This week on the Short Attention Span Show is Pacific Rim: Uprising, the continuation of the Guillermo del Toro-directed Pacific Rim from 2013. This time, however, del Toro is only on hand as one of the many producers, and the directing chores go to television director Steven S. DeKnight.
Again, it's human-piloted giant robots, known as Jaegers, battling even bigger Kaiju – giant monsters from another dimension. This sequel is just more of the same. In fact, it is much, much more of the same. Actually, it's way too much of the same. It's one theater shaking action scene after another. This seemingly unending digital mayhem of robots and monsters fighting while shattering glass skyscrapers and busting up asphalt quickly becomes numbing.
The barely-there story involves Jaeger academy dropout, Jake Pentecost (John Boyega), and scrappy teen inventor, Amara (Cailee Spaeny), and their ultimate redemption. The malnourished plot, about rogue Jaegers, had promise, but here it serves to string together one gargantuan action sequence after another and nothing more.

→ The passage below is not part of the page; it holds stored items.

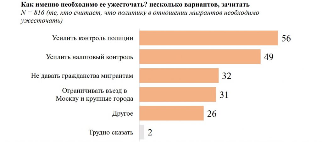 Другие варианты: полностью запретить въезд / ввести квоты на въезд / сделать визовый въезд; ограничить количество мигрантов; ограничить время пребывания в стране / в крупных городах; усилить контроль на границе / тщательнее проверять при въезде; строгий паспортный контроль, биометрия / контролировать местонахождение, регистрацию; депортировать за нарушения законов и порядка; усложнить процедуру получения гражданства; требовать знания русского языка, традиций и конституции рф / ввести экзамен для получения вида на жительство / гражданства; мобилизовывать в СВО для получения гражданства; заставлять работать; осуществлять медицинский контроль
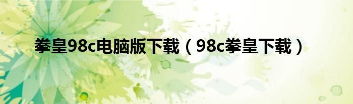 关于拳皇98c电脑版下载,98c拳皇下载这个很多人还不知道,今天菲菲来为大家解答以上的问题,现在让我们一起来看看吧!
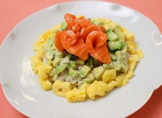 をのせ、サーモンフラワーを中心にのせて完成です。
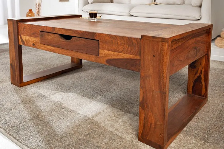 Stoliki kawowe są z nami od bardzo dawna i nie zapowiada się, żeby kiedykolwiek się nam znudziły. Jeśli cenisz sobie klasyczny styl oraz naturalne materiały to pokochasz stolik kawowy Dalido. Mebel ten został w całości wyprodukowany z naturalnego drewna sheesham, które polakierowano w celu podniesienia jakości oraz wytrzymałości całej konstrukcji. Proste kształty oraz niebanalny wygląd stolika świetnie sprawdzą się we wnętrzach urządzonych w stylu retro, vintage, skandynawskim, klasycznym oraz wszędzie tam, gdzie ceniona jest precyzja wykonana oraz naturalne materiały. Dalido posiada wysuwaną szufladę, która idealnie sprawdzi się, jako dodatkowe miejsce do przechowywania, będąc jednocześnie eleganckim elementem podkreślającym całość. Każdy stolik jest wykonywany ręcznie z naturalnego drewna, dlatego mogą na nim występować naturalne odchylenia w kolorze i strukturze, co sprawia, że każdy egzemplarz jest wyjątkowy oraz niepowtarzalny. Dopełnij swój salon praktycznym połączeniem eleganckiego stylu z wysoką funkcjonalnością oraz najlepszą jakością.
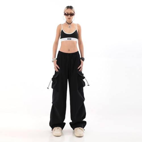 More information about Baggy Parachute Pants for Womens Wide Leg Cargo Pants Y2k with Pockets Boyfriend Harajuku Streetwear Goth
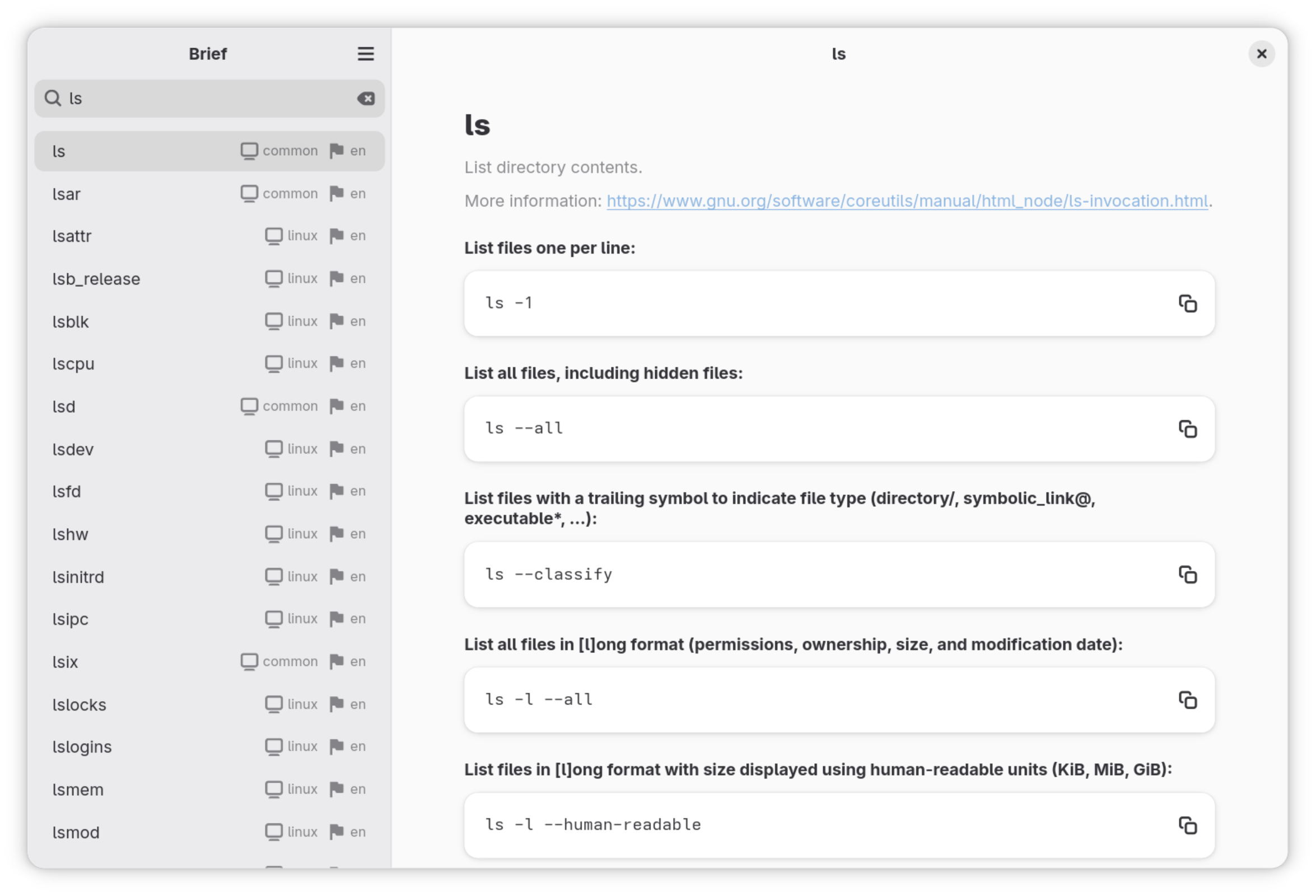 Brief is a GTK4 application for browsing tldr-pages. It provides a clean, native interface to view community-maintained help pages for command-line tools.

This wind-up toy of a movie generally works like this: Quick superficial character moment, then loud action scene, then brief exposition, then loud action scene...and so on. The plot elements are so slap-dash that a big, shocking revelation at the midway point registers as unbelievable and so silly that you really don't think that they are serious.
There is nothing at the center of Uprising. Its sole purpose for existing is as background noise.